Procedurally, when a driver refuses to take the breath test, the police confiscate that person’s license, deliver a suspension order and a temporary 45 day license, and a notice of the right to request a hearing with the Motor Vehicle’s Administration which will be held within the 45 day period. The issue at the hearing is whether the officer had reasonable grounds to believe the driver was under the influence.
In Motor Vehicle Administration v. Illiano, an officer was parked on the side of a highway at 2:00 am running radar when a car pulled up behind him on the shoulder. The officer decided to check on the driver, who rolled down the window whereupon the officer smelled alcohol. He then pulled his cruiser behind the car, saw the original driver change seats with her passenger, and according to the officer the defendant said she’d had two drinks and decided she was in no shape to drive. He claimed she failed field sobriety tests, and then ultimately she refused to take a breath test.

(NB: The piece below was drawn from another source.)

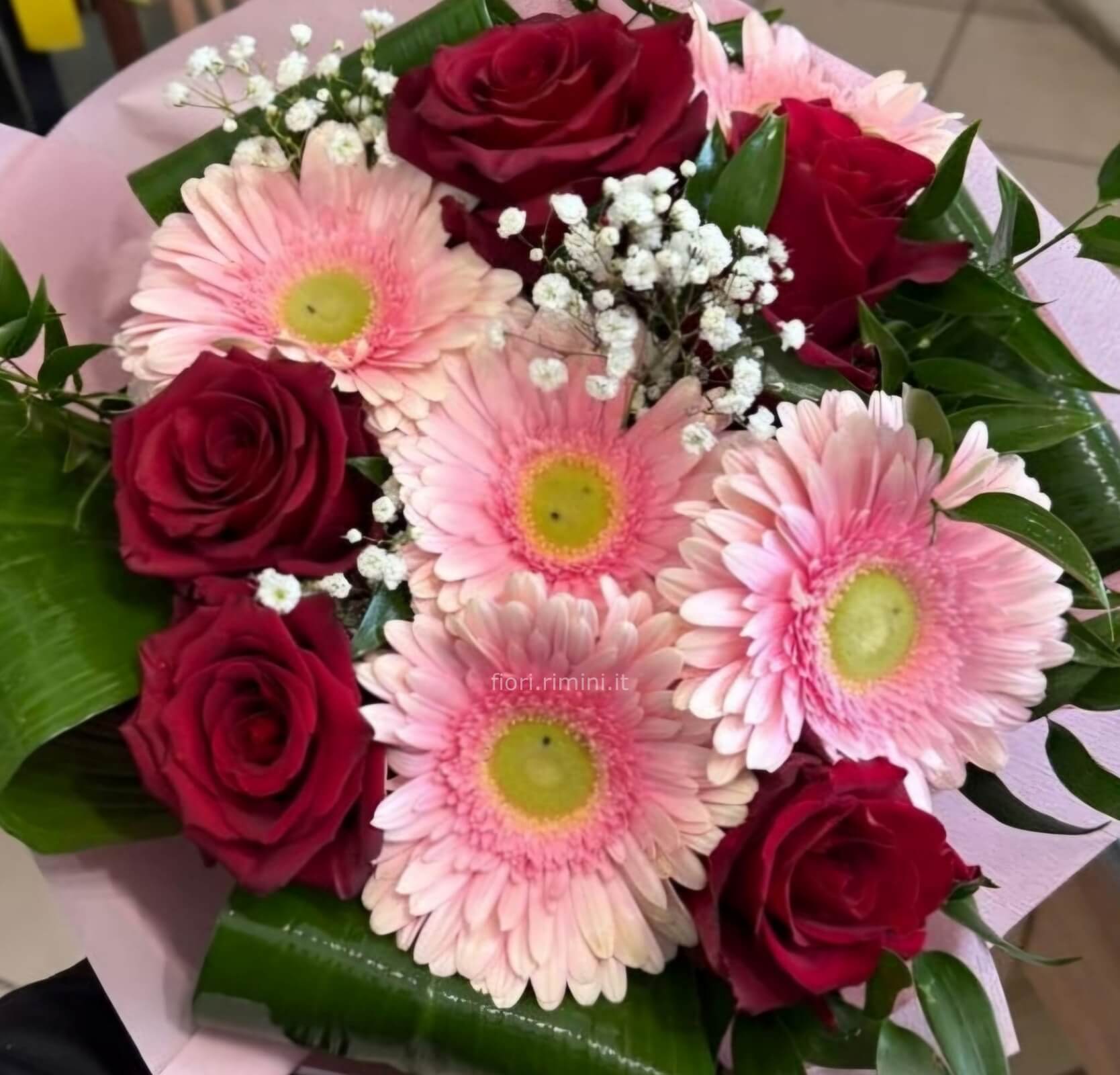 bouquet rose rosse e gerbere rosa

At the MVA hearing, the administrative judge refused to believe the defendant’s story denying any admissions to the officer, claiming she pulled over to switch seats because of a foot injury, and claiming she failed the field tests because her poor English made it hard for her to understand the officer’s instructions. The trial judge on appeal interpreted the law to mean the officer must have reasonable grounds to believe the driver was intoxicated when he made the original stop before a breath test could be ordered. The Court of Appeals held that the officer can develop such a suspicion even after stopping the driver for any number of legitimate reasons, and held that the ALJ’s finding supporting a suspension of her license was supported by substantial evidence.
Have a Happy and safe New Year.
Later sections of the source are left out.